# [What to work on]
Exclude the pictures, and otherwise reproduce the data in full.

# [Provided material]
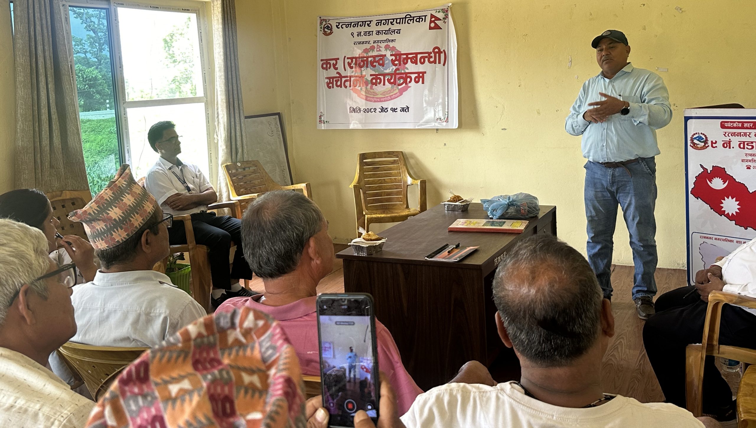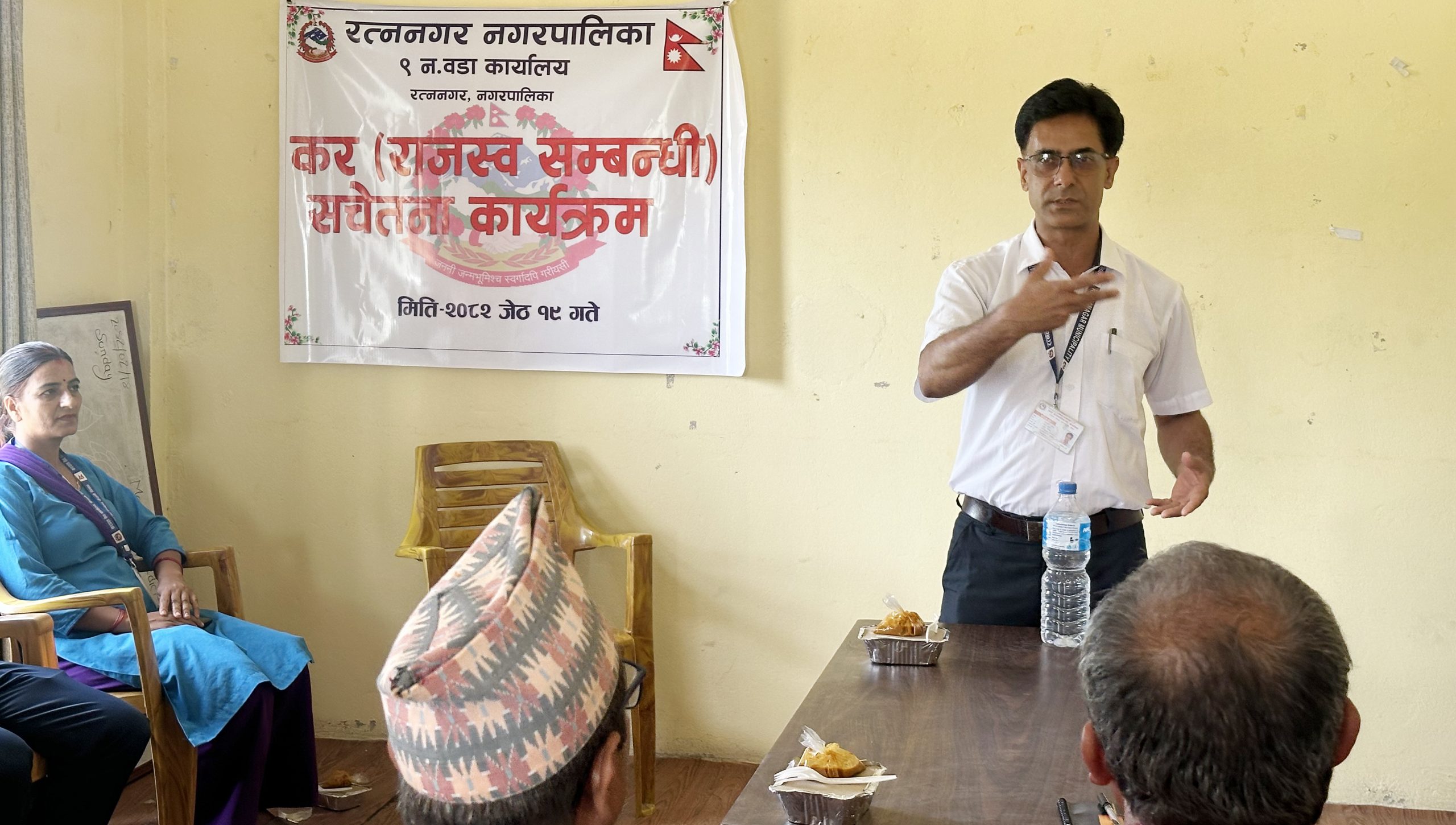 रत्ननगर ९ मा कर (राजश्व) सम्बन्धि सचेतना कार्यक्रम गरिएको छ । सचेतना कार्यक्रमलाई रत्ननगर नगरपालिकाको प्रमुख प्रशासकीय अधिकृत सुकदेव लम्साल, करदाता सेवा कार्यालय, खैरहनीका सुचना अधिकारी चन्द्र अर्याल, रत्ननगर नगरपालिकाका राजश्व शाखा प्रमुख लिलानाथ अर्यालले सहजीकरण गर्नुभएको थियो । कार्यक्रम मार्फत रत्ननगर नगरपालिकाका प्रमुख प्रशासकीय अधिकृत सुकदेव लम्सालले कर भनेको के हो ?, करका प्रकार, नगरपालिकाले कर लगाउन सक्ने कानुनी आधार, रत्ननगर राजपत्र, घरवहाल कर, नक्सापास, चारकिल्ला प्रमाणित, आयश्रोत कर, पर्यटन सेवा कर तथा सरसफाई कर लगायतका विषयमा सहजीकरण गर्नुभएको थियो ।
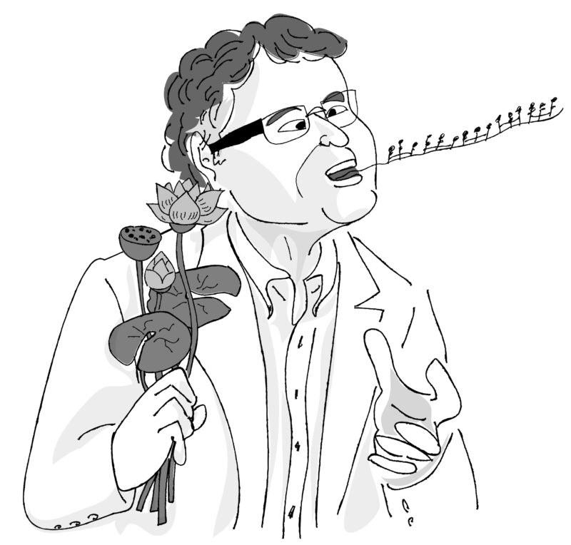 蓮田 なんだ、いろいろうるさいな、もう。なになに、心得二か、うむ、拍子は8分の3! 1小節を一つのノリで作る拍子感だ。このせわしなさと勢いがいいよな。調性はなんともドラマ性のあるc-moll。やっぱりバラードはmollだな。うん。
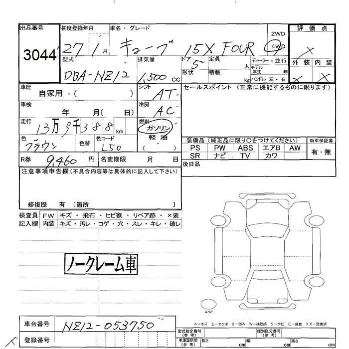 Nissan CUBE с аукциона Японии JU Hokkaido лот № 3044
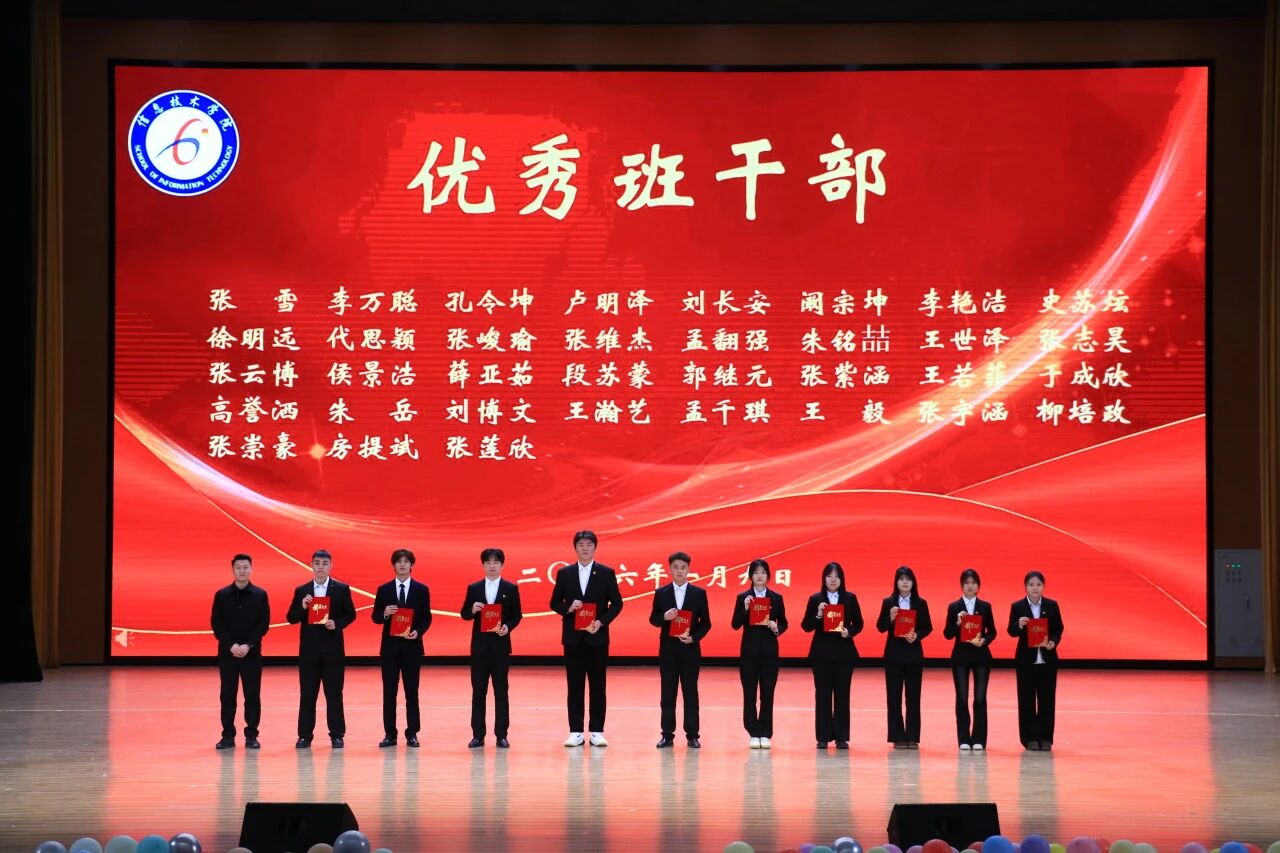 1月9日,信息技术学院“青春燃动·跃启新程”2026新年联欢会暨年度表彰大会在学校音乐厅举行。此次活动旨在总结过去、展望未来,通过表彰先进、展示才艺,进一步凝聚师生共识,营造积极向上、团结奋进的学院文化氛围,激励全体师生以更加饱满的姿态迎接新的一年。

# [Completed task]
 रत्ननगर ९ मा कर (राजश्व) सम्बन्धि सचेतना कार्यक्रम गरिएको छ । सचेतना कार्यक्रमलाई रत्ननगर नगरपालिकाको प्रमुख प्रशासकीय अधिकृत सुकदेव लम्साल, करदाता सेवा कार्यालय, खैरहनीका सुचना अधिकारी चन्द्र अर्याल, रत्ननगर नगरपालिकाका राजश्व शाखा प्रमुख लिलानाथ अर्यालले सहजीकरण गर्नुभएको थियो । कार्यक्रम मार्फत रत्ननगर नगरपालिकाका प्रमुख प्रशासकीय अधिकृत सुकदेव लम्सालले कर भनेको के हो ?, करका प्रकार, नगरपालिकाले कर लगाउन सक्ने कानुनी आधार, रत्ननगर राजपत्र, घरवहाल कर, नक्सापास, चारकिल्ला प्रमाणित, आयश्रोत कर, पर्यटन सेवा कर तथा सरसफाई कर लगायतका विषयमा सहजीकरण गर्नुभएको थियो ।
 蓮田 なんだ、いろいろうるさいな、もう。なになに、心得二か、うむ、拍子は8分の3! 1小節を一つのノリで作る拍子感だ。このせわしなさと勢いがいいよな。調性はなんともドラマ性のあるc-moll。やっぱりバラードはmollだな。うん。
 Nissan CUBE с аукциона Японии JU Hokkaido лот № 3044
 1月9日,信息技术学院“青春燃动·跃启新程”2026新年联欢会暨年度表彰大会在学校音乐厅举行。此次活动旨在总结过去、展望未来,通过表彰先进、展示才艺,进一步凝聚师生共识,营造积极向上、团结奋进的学院文化氛围,激励全体师生以更加饱满的姿态迎接新的一年。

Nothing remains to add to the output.